AES is one of the newer ciphers that is seen as fairly secure. As matter of fact, there is no viable attack on it so far (except if you can run your own program on the encrypting computer... and then you don't need to bother cracking the code.)
If you are interested in highest security then you must use open source encryption software (such as GnuPG) because it is widely peer-reviewed. Closed source software, like today's PGP, may contain security flaws that nobody knows about (and those who do have means of breaking the code.) Also, as other people mentioned, keep the private key password-protected, on a USB disk, and do encryption only on a computer that is never connected to the Internet. Windows or Linux - that does not matter in this case.
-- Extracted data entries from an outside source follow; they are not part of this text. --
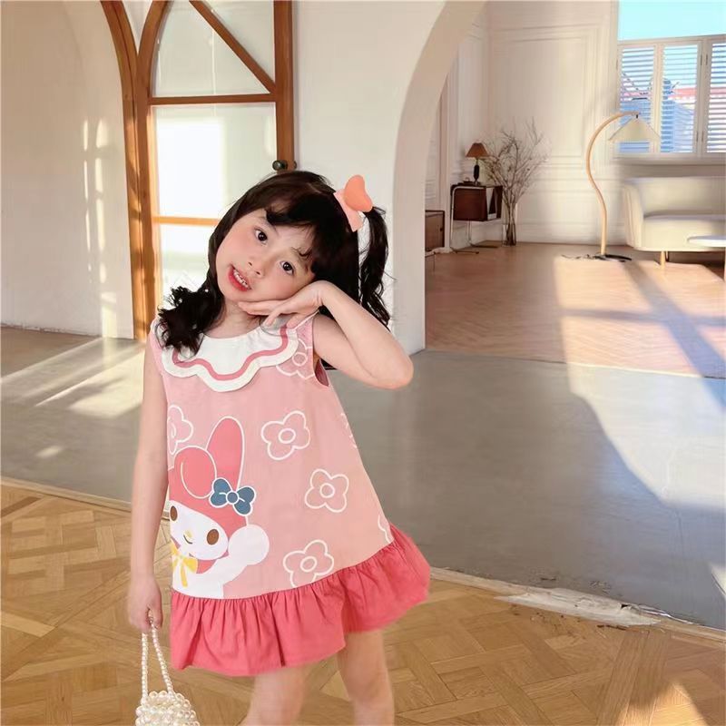 2025 여름 새로운 소녀 판타지 만화 조끼 주름진 만화 헬로 키티 민소매 원피스 스커트 패션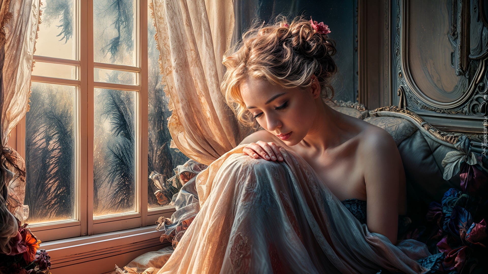 Edytor tapety: Smutna kobieta na fotelu przy oknie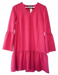 Różowa luźna rozkloszowana sukienka z falbaną i rozkloszowanymi długimi rękawami - rozmiar 36 S - Top Secret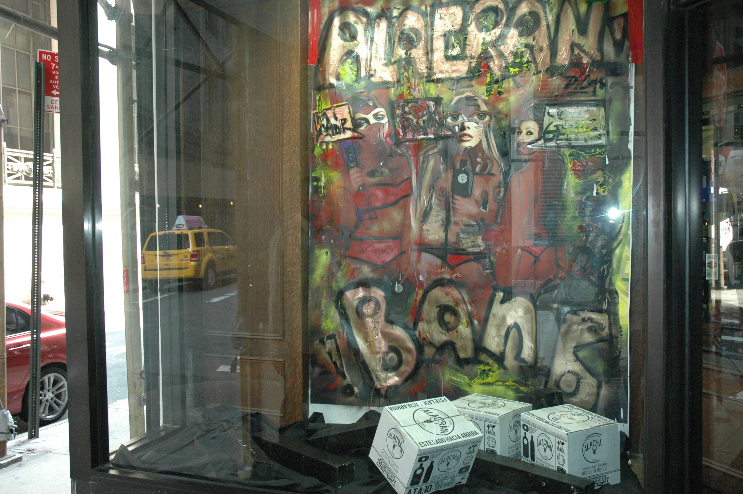 The murals of interest are not your ordinary window art; Tequila Alacrán spearheaded the trend by commissioning famed artist Peter Tunney to customize the window of Rosetta Wines on Wall Street. Due to the public’s overwhelmingly enthusiastic response, the tequila masterminds have done it again–this time bringing on none other than Domingo Zapata to create the hautest window display in town.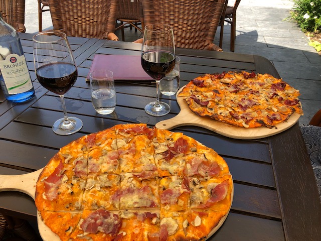 Mittagessen im Kloster Marienthal, sehr leckere Flammkuchen!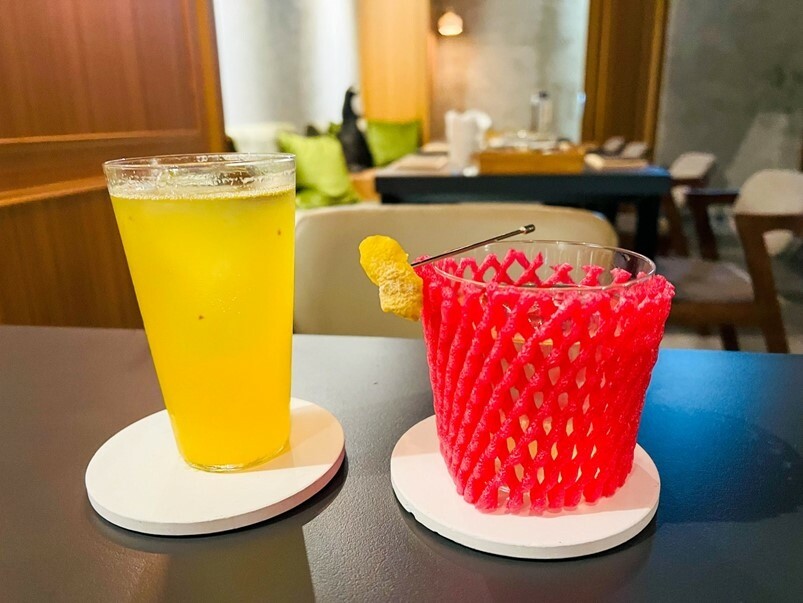 無酒精是鳳梨金萱,就是想像中的樣子,不過在這炎炎夏日,一入座來這一杯沁涼的鳳梨金萱確實相當消暑,微酸微甜相當不錯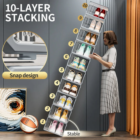 Shoe Storage Boxes Organizers for Closet Clear Stackable Sneaker Shoe Rack (Price per Shoe Box)

High security of modern encryption is the reason why UK has a law that every UK subject must reveal their private encryption key upon demand by authorities, or go to jail. They would not need to do that if they could crack AES on their quantum computers. (They can't, and they don't have quantum computers either.) In most scenarios your privacy will be very well protected if you use modern ciphers; the attacker would have a much better chance of getting the plaintext by beating you with a rubber hose until you provide the key.
But security of your message also depends on the recipient. If you send a super-secret message to Alice, and she then proceeds to decrypt it, print it, and leave on her desk in front of the window that faces the street, or save as plaintext on her Internet-connected, insecure computer, then your message is revealed to anyone who cares to have it.